In this research, the lowest ash content was 16.60%, obtained in C3 treatment (60% oil palm empty fruit bunches, 40% oil palm fronds), while the highest ash content was 40.20%, produced in the C7 treatment (100% oil palm fronds). The ash content produced in this research was far above the standard, in contrast to the bio-briquette ash content produced from research on the utilization of the potential wealth of palm frond waste into alternative energy charcoal briquettes with variations in the type of adhesive between 6.8 - 7.4% [19]. High levels of ash can be caused due to poor processing and still need to be improved. The relationship between the calorific value and bio-briquette ash content was expressed in the equation; y = -0.006x + 52.73 with the value of R² = 0.498 and the correlation coefficient (r) = 0.70. Calorific value was negatively correlated with ash content, the higher the calorific value the lower the ash content in bio-briquette.
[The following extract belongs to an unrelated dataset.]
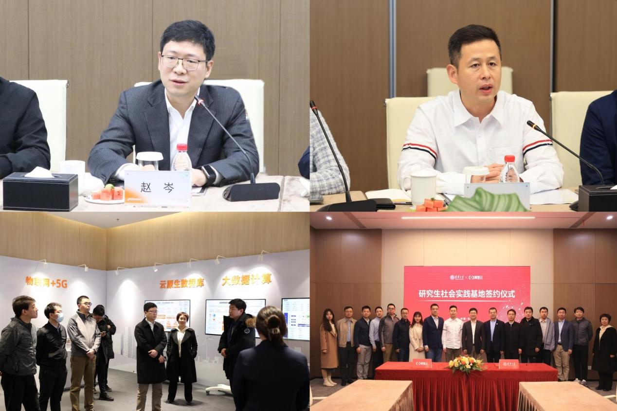 调研团队前往阿里云计算有限公司,调研前沿产业发展现状,签订学生社会实践基地合作协议。阿里云智能人力资源副总裁孙中元对来访团队表示欢迎,并介绍了企业在云计算领域的实践和探索。赵岑对阿里云长期以来的友好帮助与合作表达感谢。赵岑充分肯定了阿里云在大数据和人工智能方向的领先技术和先进经验,期待进一步加强校企合作,为推动实现国家高水平科技自立自强、服务国家创新发展作出贡献。

Figure 7. Charcoal bio-briquette ash content

Figure 8. Linear regression of calorific value with bio-briquette ash content on different raw material compositions

4. Conclusions

Charcoal bio-briquette from empty bunches and oil palm fronds raw material can be used as an alternative energy source, the calorific value produced was 3,850.86 cal g^-1 to 6,368.12 cal g^-1. Judging from the calorific value produced, the best composition was 100% oil palm empty fruit bunches. The bio-briquettes quality produced was closely related to water content, ash content and the density of bio-briquette particles. Calorific values were positively correlated with water content and particle density with the correlation coefficient values of 0.72 and 0.47, but negatively correlated with ash content with a correlation coefficient of 0.70.

ACKNOWLEDGEMENTS

This research was funded by the Ministry of Research, Technology and Higher Education, in the beginner lecturer research scheme. We thank the Ministry of Research, Technology and Higher Education and STIPER Agrobisnis Perkebunan (STIP-AP) for the opportunity and support for us during the conduct of this research.